Kavanaugh, who (I cannot stress this enough) styles himself as an originalist, emphasized in his dissent the importance of applying the Constitution’s “underlying principles” to “modern situations that were unknown or unanticipated” by the framers. The right to citizenship by birthright, he continued, is not necessarily absolute, because in his judgment, “significant illegal immigration” is among the “new circumstances” that allow modern-day judges to draw common-sense inferences about the scope of real-world rights that the Constitution protects. (Roe v. Wade could not be reached for comment.) Although Kavanaugh concluded that existing federal law does not allow the president to deny citizenship to the children of non-citizens by executive order, a hypothetical act of Congress that does so, he said, “would pass constitutional muster.”

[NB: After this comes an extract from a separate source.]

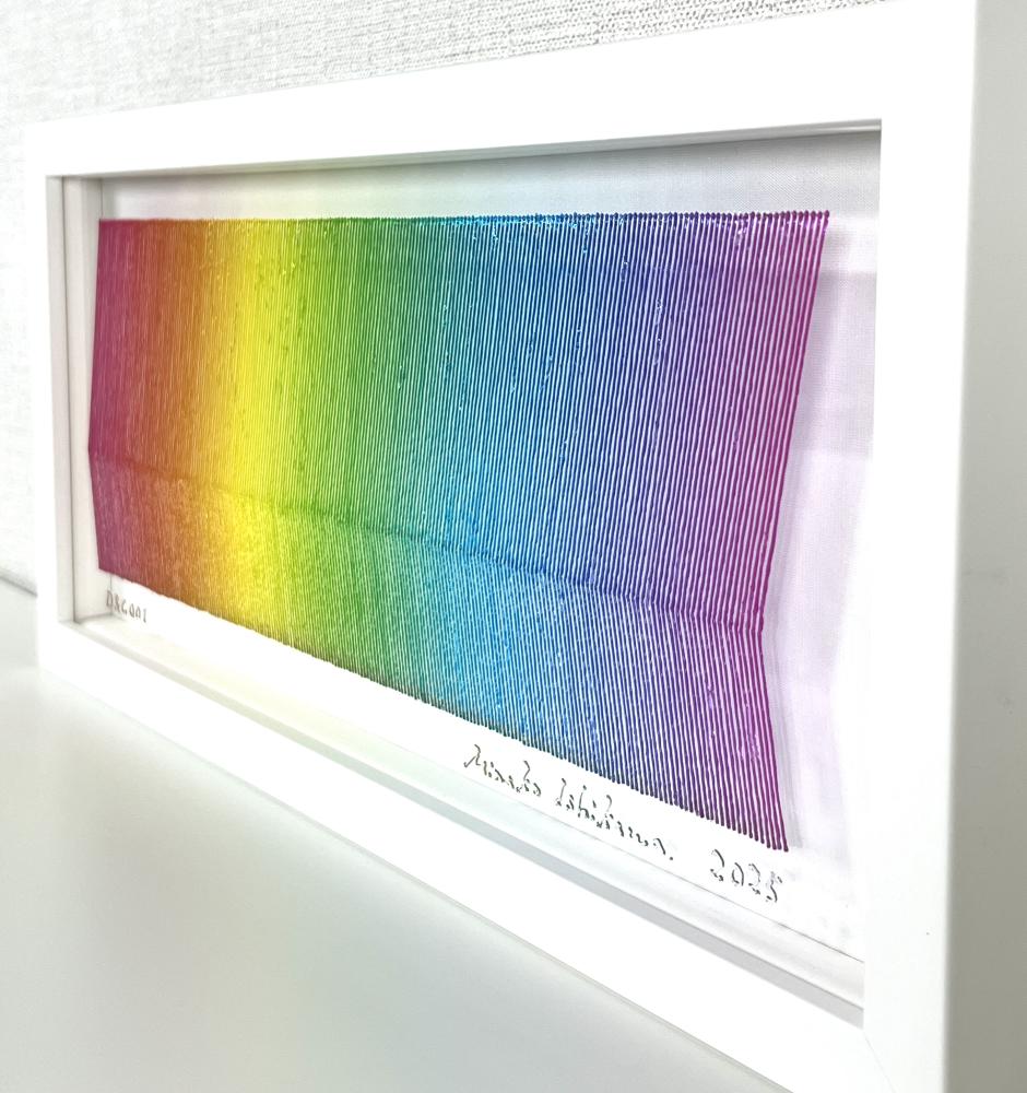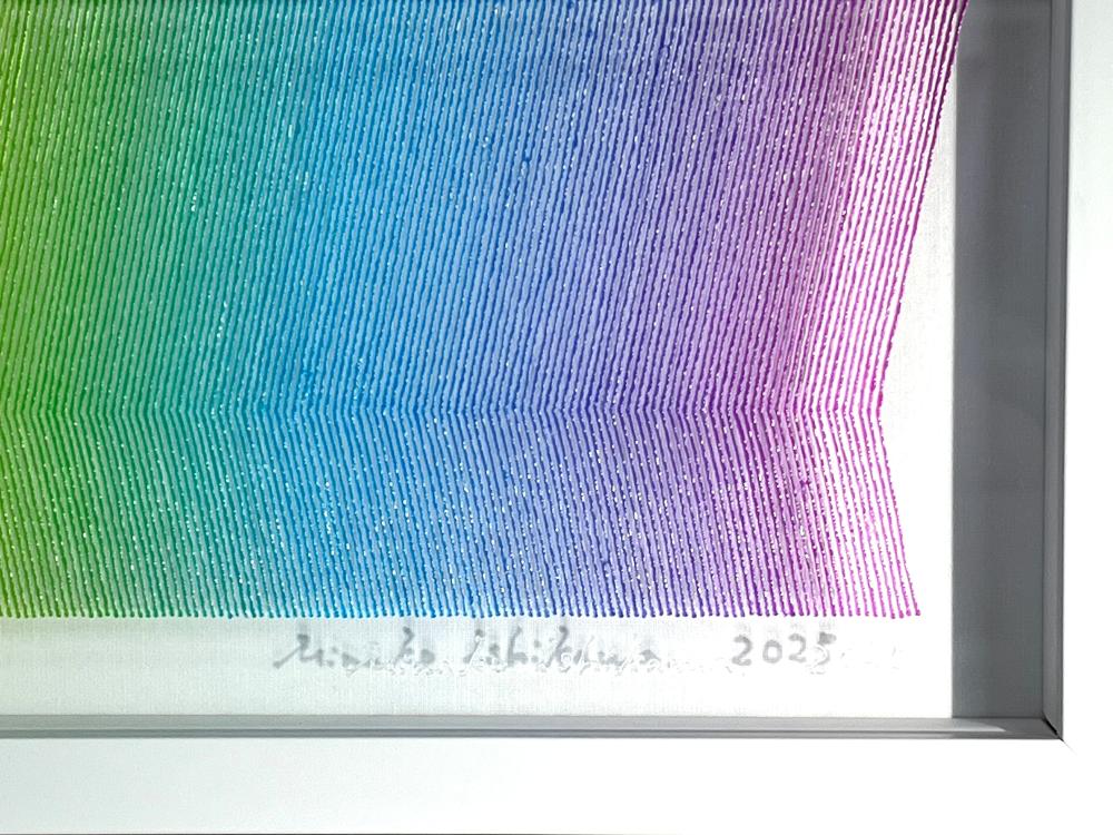The true beauty of Minako Ishikawa's work is that the lines are drawn with a single thin acrylic stroke, which is arranged among thousands while subtly changing the color scheme.
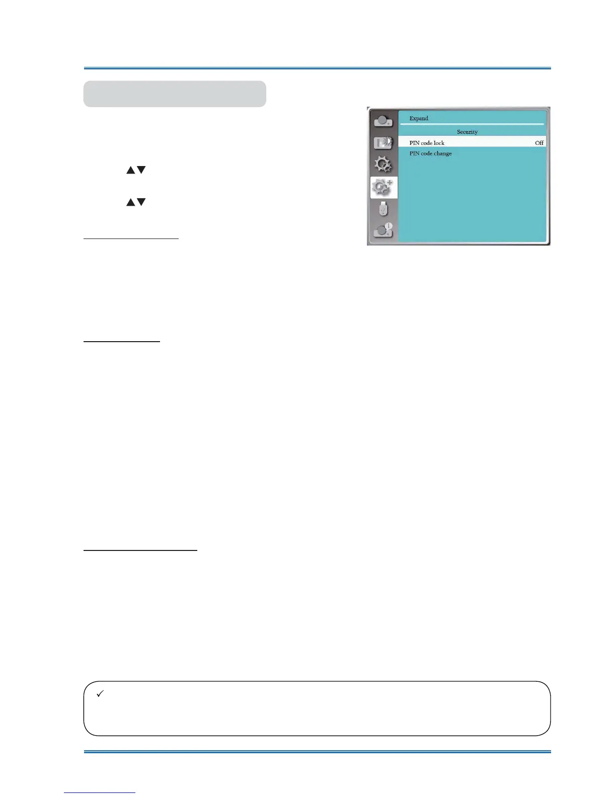 To change the logo screen password protection, press OK button, and the Logo PIN Code

Alito, who like many Republican men of a certain age has based his entire view of the world around the Behrooz Araz storyline in Season 4 of 24, warned that the decision in Barbara will foment terrorist sleeper cells and encourage “massive illegal immigration.” He also suggested that the Court had adopted an “erroneous interpretation” of the Fourteenth Amendment “simply out of fear of the consequences of ‘rocking the boat’”—basically, asserting that the majority knows it is wrong, and is too woke and chickenshit to do the right thing.

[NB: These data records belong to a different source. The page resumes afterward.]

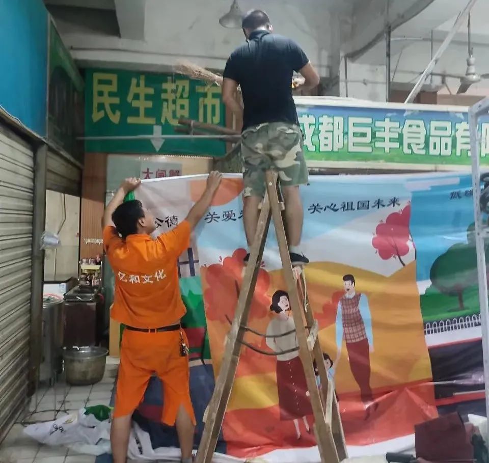 為(wèi)更好地開展精(jīng)神文(wén)明建設工(gōng)作(zuò),滿足群衆日異月新(xīn)的精(jīng)神文(wén)化需求,助推各項事業的有(yǒu)序發展。2022年以來億和文(wén)化在成華區(qū)開展了一系列的精(jīng)神文(wén)明創建宣傳工(gōng)作(zuò),包括設計制作(zuò)與現場安(ān)裝(zhuāng)。我們的工(gōng)作(zuò)人員,為(wèi)了能(néng)盡快落實相關宣傳用(yòng)品的安(ān)裝(zhuāng)張貼工(gōng)作(zuò),他(tā)們在40多(duō)度的室外埋頭苦幹,他(tā)們在熱浪翻湧的地面屈膝上百次,汗水布滿了他(tā)們的臉龐,也浸濕了他(tā)們的衣裳,卻絲毫不影響他(tā)們手上的動作(zuò)和工(gōng)作(zuò)的速度。他(tā)們不辭辛勞,不舍日夜,以專業的技(jì )術,高效地完成了一次又(yòu)一次的安(ān)裝(zhuāng)宣傳工(gōng)作(zuò)。
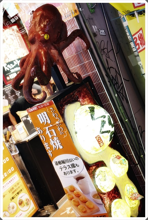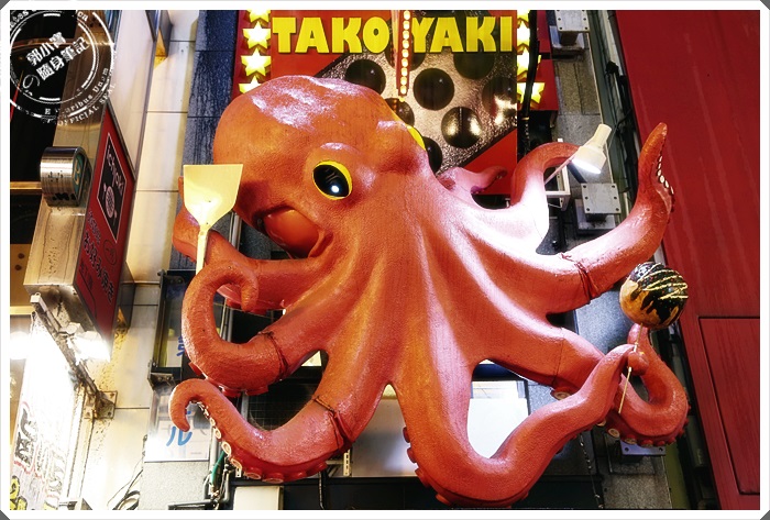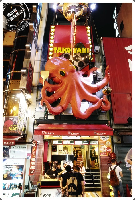 | 道頓堀上另一家是MO貴人觀望很久的店了,是一家外面有超大章魚的布置物非常顯眼,當晚吃完了餃子還覺得意猶未盡,所以隔了兩三家又進入了這一家章魚燒。 |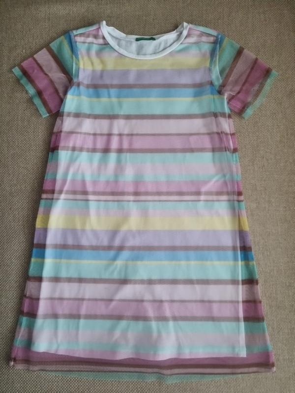 Красивое платье на 6-7 лет. Низ коттоновая белая подкладка, верх разноцветная сеточка Замеры длина общая от плеча спереди 66, длина подкладки 66, плечи 29, пог 33

The fact that Trump’s nakedly xenophobic attack on birthright citizenship earned four votes—four fucking votes—is a national embarrassment, and a heart-stoppingly frightening signal about what may lie ahead if Trump (for any reason) gets to replace Roberts or one of the liberal justices in 2027 or 2028. The upshot of Barbara is that, as a country, we are but one MAGA dead-ender away from a Court that is willing (and maybe excited) to undo Reconstruction, just as soon as Republican politicians bring a case that will allow them to do it. 

For more than two centuries, the Court has proclaimed itself to be the ultimate authority on the law, with the unreviewable power to say what it means. These days, what passes for “courage” from the Court is an opinion that makes clear to Trump that there is a limit to the justices’ willingness to allow him to unilaterally amend the Constitution, but that he is really, really close to persuading them to get rid of it.